Kenji Yasuda: the heir who turns songs into mecha battles

Published on May 09, 2026 | Translated from Spanish

Kenji Yasuda, director of Satelight studio, took on a complex legacy: continuing Shoji Kawamori's tradition of fusing music and mecha. His vision is not limited to combat choreography; he integrates musical sequences as a narrative engine, making each note drive the action. With a colorful and dynamic visual style, Yasuda demonstrates that epic can sound like pop. 🎵

Kenji Yasuda, in the director's booth, fuses scores with mecha in vibrant and colorful battles.

Satelight and audiovisual synchronization as a combat engine 🎶

Yasuda's direction is characterized by technical planning where music is not an ornament, but a structural element. In Macross Delta, Walküre's songs activate shields and enhance attacks, requiring millimetric coordination between storyboard, animation, and soundtrack. This approach demands that animators synchronize mecha movements with musical rhythms, a process Satelight has refined over years of experience. The result: sequences where the beat dictates the choreography of missiles and transformations, without losing visual fluidity.

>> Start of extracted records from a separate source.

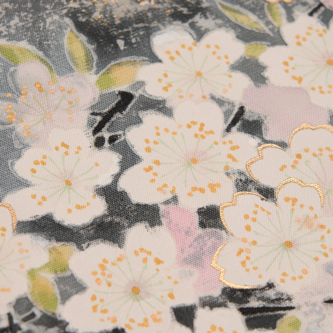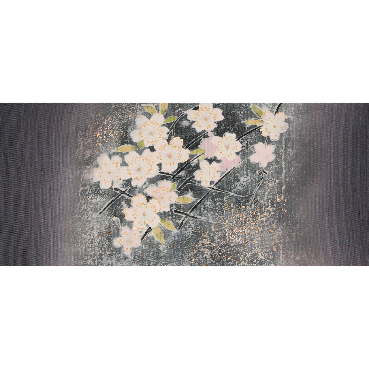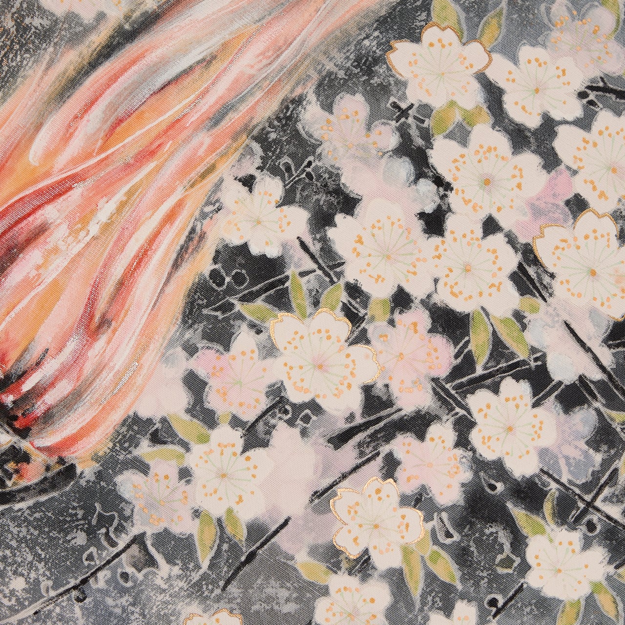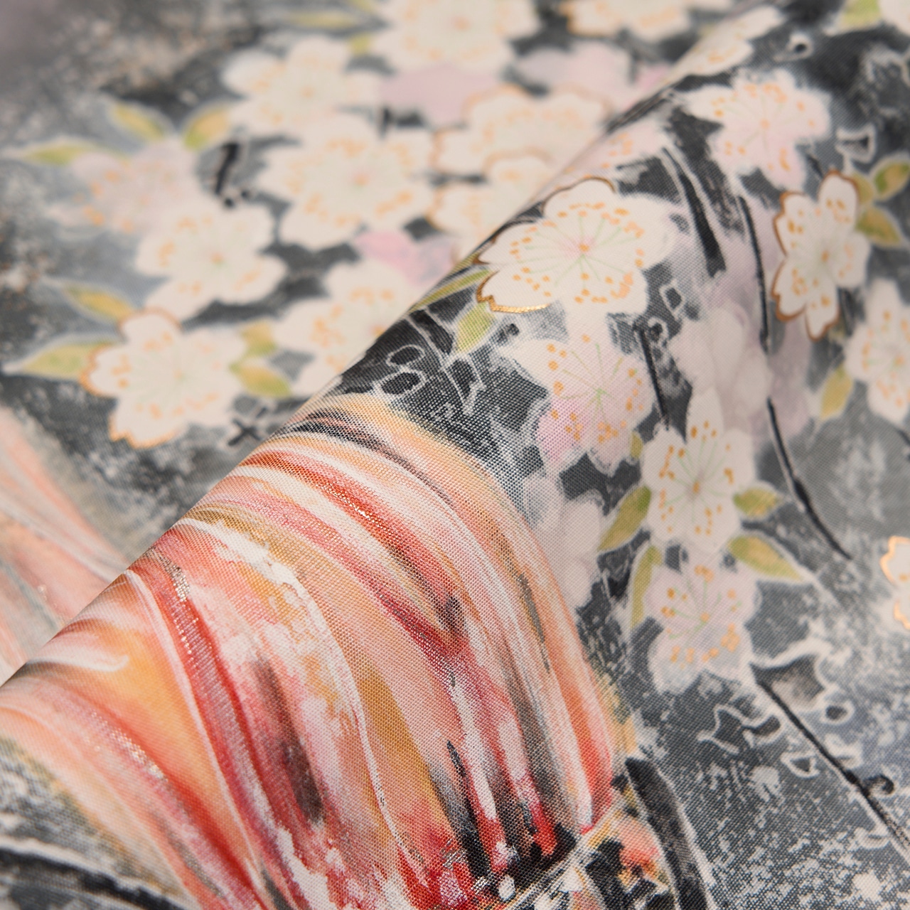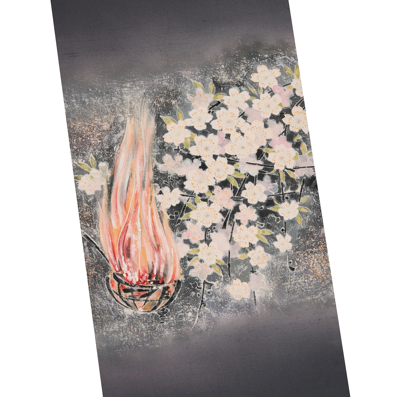 手描きの友禅で描かれていますが、桜の花びらの胡粉の彩色や篝火の部分などには手描きのようなタッチの加工が施されていて、臨場感あふれるものとなっています。
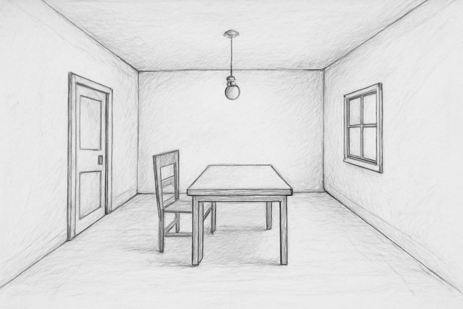 Ques: Sketch a simple room from the point of view of a person sitting at the center. The room has a rectangular shape with a door on one wall and a window on the opposite wall. There is a table in the middle of the room, a chair next to it, and a light bulb hanging from the ceiling.
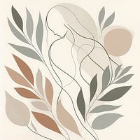 Een vrouw met gesloten ogen, omringd door vloeiende lijnen en delicate bladeren - kalm, waardig, dicht bij de natuur.
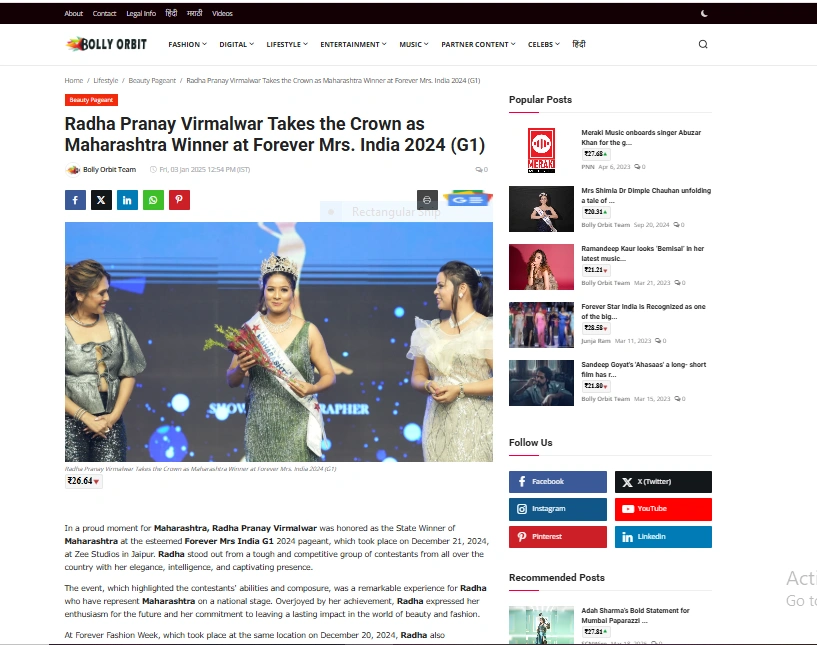 A dedicated dancer and model from Maharashtra, Radha is Mrs. Maharashtra 2024. Her grace and talent are evident on every stage. With the help of her devoted partner Pranay, she is committed to making a significant impact in the fashion and beauty sectors.

When the battle chorus sounds better than the plot 🎤

Of course, if you ignore why the hell they sing while fighting, everything is more fun. Yasuda makes us accept without question that an idol stops a missile with a high note. The plot logic sometimes gets lost between choruses, but who needs coherence when you have mecha dancing to the rhythm of a synthesizer. In the end, the important thing is that the viewer leaves humming, even if they're not quite sure what they just saw.